Publisher: Cornell University Press
ISBN: 1501749625
Category : History
Languages : en
Pages : 251
Book Description
Between late antiquity and the fifteenth century, theologians, philosophers, and poets struggled to articulate the correct relationship between sound and sense, creating taxonomies of sounds based on their capacity to carry meaning. In World of Echo, Adin E. Lears traces how medieval thinkers adopted the concept of noise as a mode of lay understanding grounded in the body and the senses. With a broadly interdisciplinary approach, Lears examines a range of literary genres to highlight the poetic and social effects of this vibrant discourse, offering close readings of works by Geoffrey Chaucer and William Langland, as well as the mystics Richard Rolle and Margery Kempe. Each of these writers embraced an embodied experience of language resistant to clear articulation, even as their work reflects inherited anxieties about the appeal of such sensations. A preoccupation with the sound of language emerged in the form of poetic soundplay at the same time that mysticism and other forms of lay piety began to flower in England.

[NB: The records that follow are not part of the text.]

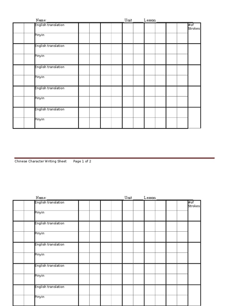 Aug 20, 2018 · Create Chinese Character Practice Writing Sheets. First of all, if you need a blank TianZiGe, simply print this .PDF file: Blank TianZiGe PDF. If your child has trouble with pin yin or character stroke orders, this online Chinese character practice writing sheet creator tool can help.
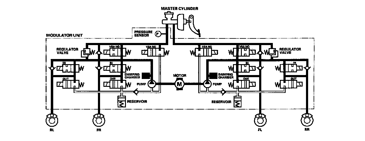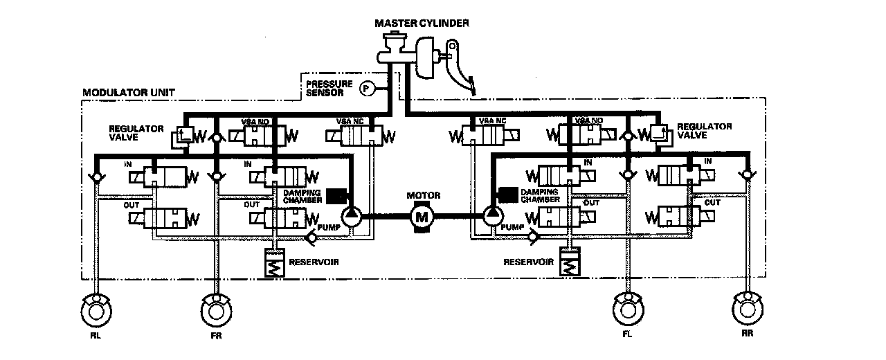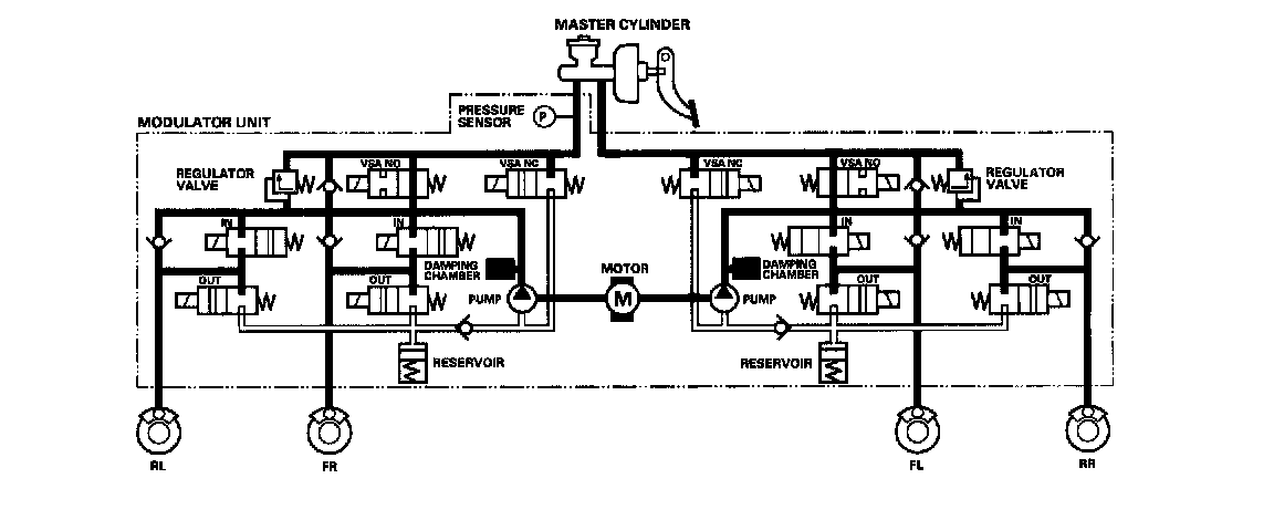 VSA NO valve open, VSA NC valve closed, inlet valve open, outlet valve closed. Master cylinder fluid is pumped out to the caliper.
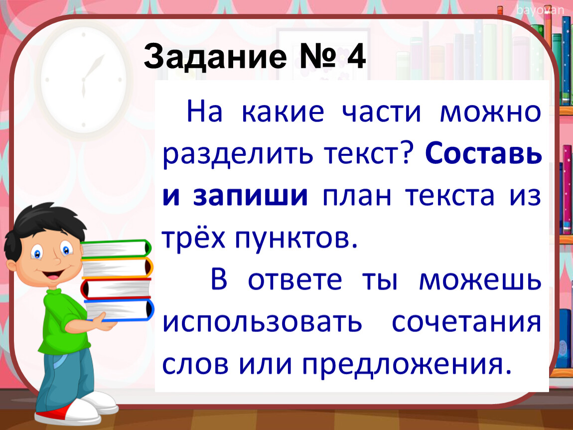 На какие части можно разделить текст? Составь и запиши план текста из трёх пунктов.

As Lears shows, the presence of such emphatic aural texture amplified the cognitive importance of feeling in conjunction with reason and was a means for the laity—including lay women—to cultivate embodied forms of knowledge on their own terms, in precarious relation to existing clerical models of instruction. World of Echo offers a deep history of the cultural and social hierarchies that coalesce around aesthetic experience and gives voice to alternate ways of knowing.